Long fascinated with genomics, my wife and I wondered how our DNA may have contributed to her condition, and we set out to learn all that we could. It was the beginnings of this diagnostic odyssey that gave expression to my second career as a citizen scientist. My professional background in supercomputing, software engineering, and medical imaging were a good start to apply scientific principles and gain insights.

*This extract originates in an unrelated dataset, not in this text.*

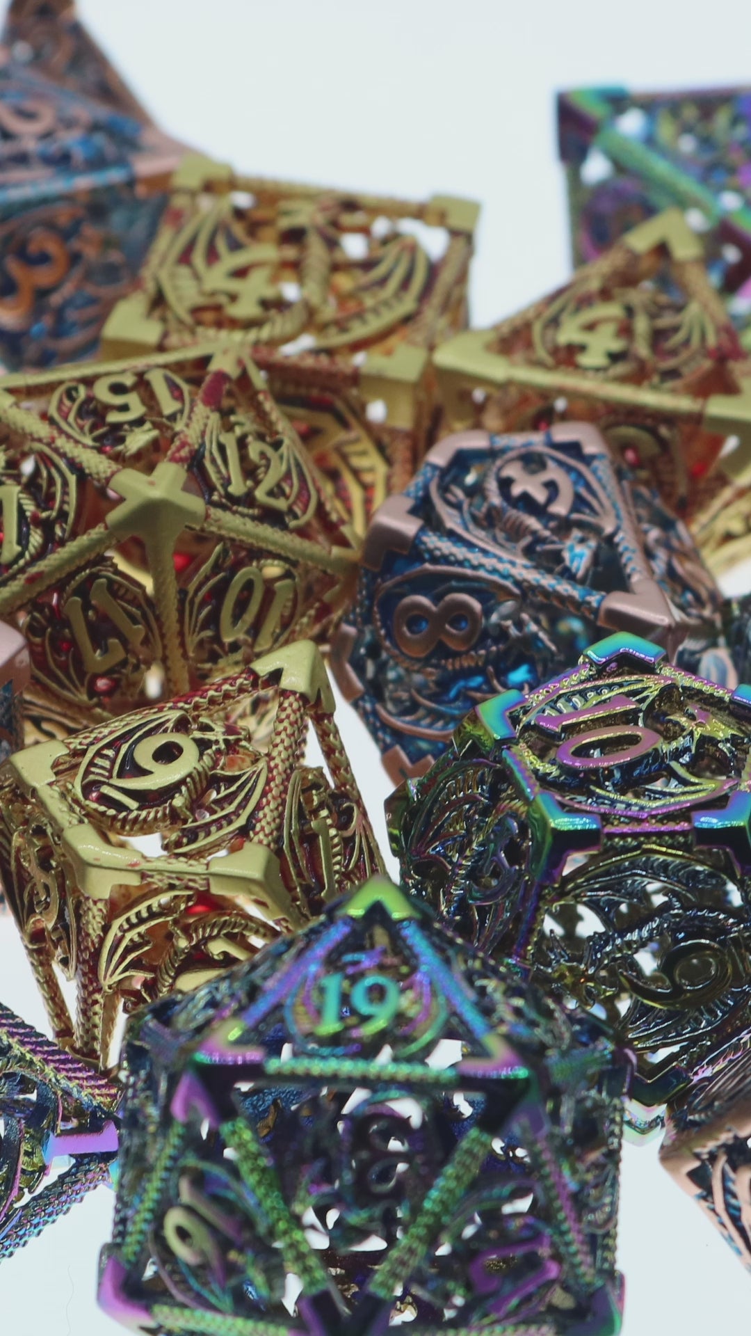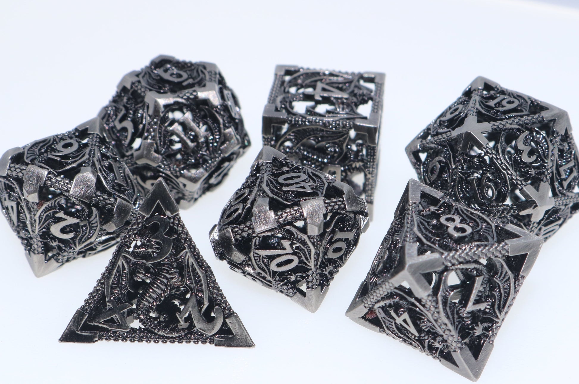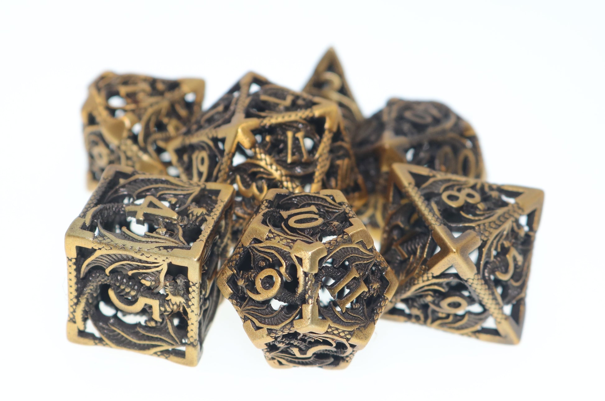 These hollow metal dice have an intricate dragon design flying behind each number. When you want hollow dice with medieval intensity, these are the dice for you!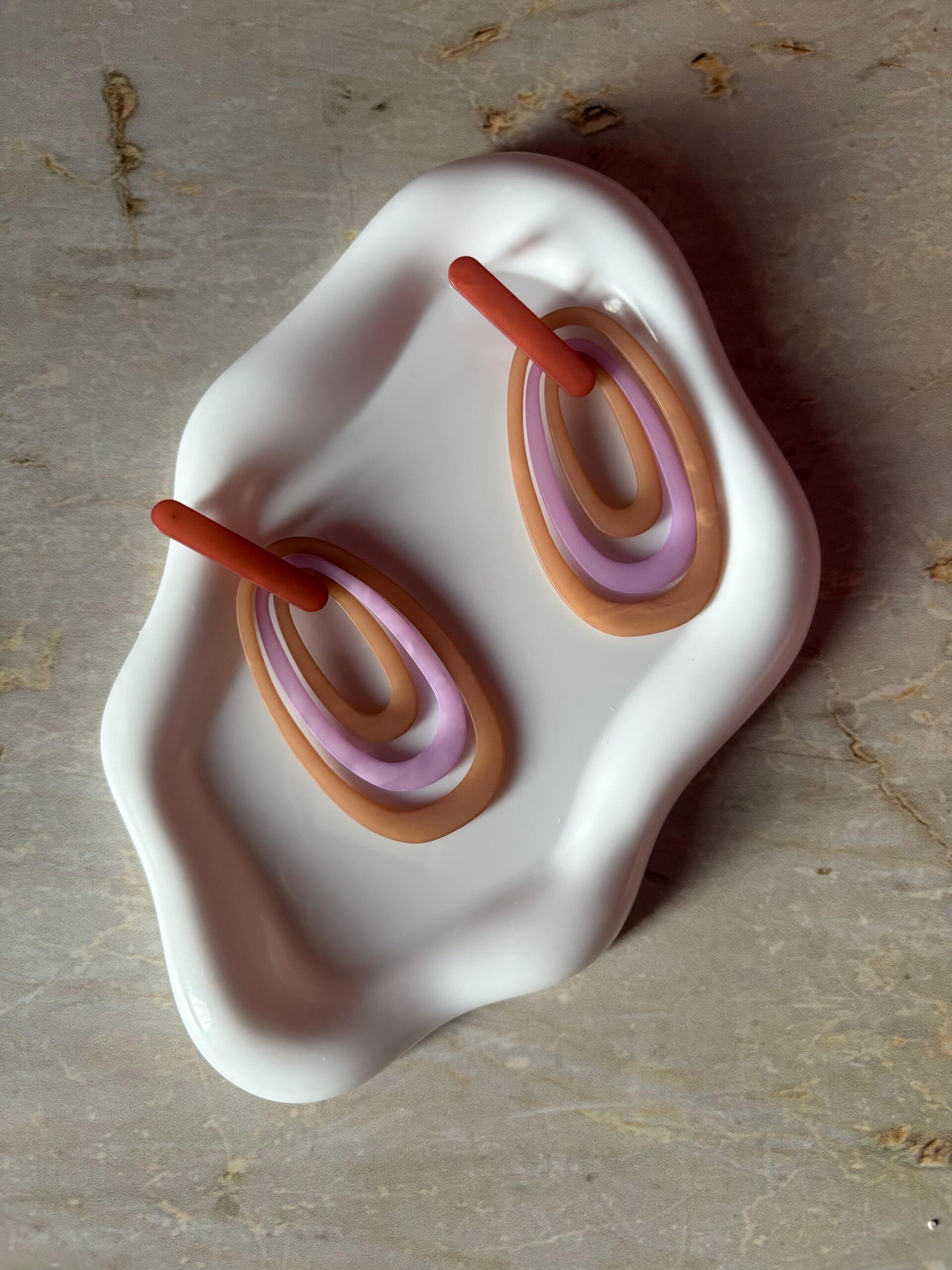 Los Aros Canela son una pieza moderna y ligera que combina formas orgánicas con tonos cálidos inspirados en la tierra. Su diseño en capas crea un efecto visual elegante y minimalista, perfecto para quienes buscan accesorios versátiles que realcen cualquier look.

We began our journey by talking with our family doctor, then my wife and I had our whole genomes sequenced through the Understand Your Genome project. Later, we crowdsourced the sequencing of her genome and began looking for genetic clues. By applying trio analysis to our family data, we discovered some preliminary findings: Our daughter has deletions in the NRXN1 gene and in a large region of chromosome 16, which have been found to be widely associated with developmental issues including autism. It looks like my wife and I have each contributed some variant alleles, but we are being careful about interpreting these findings because our WGS data and our daughter’s were processed through different pipelines, which could lead to inconsistent results.

Trio analysis of the NRXN1 locus shows a compound heterozygous deletion, with each parent possibly contributing one allele (visualization by VarSeq from Golden Helix). 

To continue our journey, I want to reprocess our family’s WGS data with the latest GATK Best Practices, in the hope that this will give us a consistent baseline. I came across Terra through the book Genomics in the Cloud, which I picked up to help me learn more about GATK. I led an online book club in early 2021 based on the book, and subsequently moved our WGS data to the Terra platform. Now I am using the GATK Whole Genome Analysis Pipeline in Terra to reprocess our data. Working with Terra has been challenging, but highly satisfying because it provides access to industry standard genomics tools.

From personal genomics to citizen science

My family’s main goal with this project is to make meaningful discoveries about the genetic basis of our daughter’s autism. In 2015, genetics could explain the heritability of autism spectrum disorder in approximately 1 in 5 cases. Amazingly, that number has increased to 4 in 5 cases today. 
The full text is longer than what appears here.